A couple days ago Lyft releasedEnvoy，这是一个非常令人兴奋的人layer 7proxy. This is an area that I’ve been thinking about a fair amount, both in terms of rolling out widespreadquality of service以及大量多点环境中的请求路由。
Increasingly these seem to be going out of style.
部分原因是他们的成本和复杂性，但我的手段是，他们缺乏普及的缺乏缺乏柔韧性和控制。作为程序员，以编程方式管理相对直观haproxy.，以最集中的负载均衡器不提供的方式。（它甚至不是那easy to manage HAProxy programmatically, although it’s making steady progress.)
在连续体的另一端，每次流程负载平衡Finagle., where each one of your processes maintains its own health-checking and routing tables. This tends to allow a truly epic level of customization and control, but requires that you solve the fairly intimidating domain of library management.
对于以一种语言或运行时运行的公司，通常是JVM，以及谁经营monorepo, the challenges of library management are pretty tractable. For most everyone else–those with three or more languages or with service per repo–these problems require very significant ecosystem investment.
一些致力于支持许多语言和许多存储库（如Netflix，优步）的公司正在慢慢建立基础设施，但总的来说这不是你的问题wantto take on, which has been the prime motivation to develop thesidecarapproach.
The sidecar model is to have a process running per server, and to have all processes on a server communicate through that local process. Many companies–including any company that ever hired a Digg systems engineer–have been running HAProxy in this mode for quite a while, and it gives a good combination of allowing flexibility without requiring that you solve the library management problem.
Sidecar路由器的缺点传统上，传统上对HTTP / 1.0和HTTP / 1.1以外的任何内容的支持不佳，并且很少有效，这是高性能和高度可定制的选项（HAProxy具有惊人的性能，但在您尝试时变得相当脆弱做更复杂的东西）。
That is where Envoy fits in.
一，是docsare simply excellent. They do a wonderful job in particular of explaining the high-level architecture and giving a sense of the design constraints which steered them towards that architecture. I imagine it was a hard discussion to decide to delay releasing the project until the documentation was polished to this state, but I’m really glad they did.
The approach to supporting ratelimiting is also great. So many systems require adopting their ecosystem of supporting tools (Kafka, requiring that you also roll out Zookeeper, is a good example of this), but Envoy defines aGRPCinterface that a ratelimiting server needs to provide, and thus abstracts itself from the details of how ratelimiting is implemented. I’d love to see more systems take this approach to allow greater interoperability. (Very long term, I look forward to a future where we have shared standard interfaces for common functionality like ratelimiting, updating routing tables, login,追踪, and so on.)

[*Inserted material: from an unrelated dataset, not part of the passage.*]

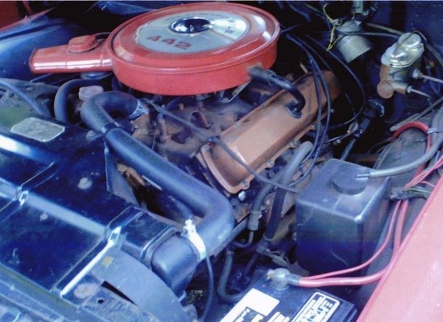This Oldsmobile is powered by a 325HP 400 V8 engine paired with a 3-speed automatic transmission. The odometer reads 30,800 miles and is shown with a red exterior and a matching red vinyl interior. This vehicle has been non-smoking, garage-kept, and well-maintained.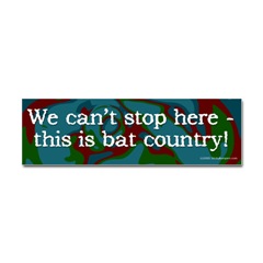 We can't stop here this is bat countryFrom the Designer Tell the world how you feel! Our bumper stickers are perfect for expressing yourself while cruising down the highway or just for posting on the wall.

热重启using a unix domain socket is interesting as well, in particular how containers have become a first-class design constraint. Instead of something hacked on later, “How will this work with container deployment?” is asked at the start of new system design!
For a long time it felt like Thrift was the front-runningidl.最近,但是很难to argue with GRPC: it has good language support and the decision to built on HTTP/2 means it has been able to introduce streaming bidirectional communication as a foundational building block for services. It’s very exciting to see Envoy betting on GRPC in a way which will reduce the overhead of adopting GRPC and HTTP/2 for companies which are already running sidecar routers.
All of those excellent things aside, I think what’s most interesting is the possibility of a broader ecosystem developing on top of the HTTP and TCP filter mechanisms. The approach seems sufficiently generalized that someone will be able to add more protocols and to customize behavior to their needs (to trade out the centralized ratelimiting for a local ratelimiter or the local circuit breaker for a centralized circuit breaker, etc).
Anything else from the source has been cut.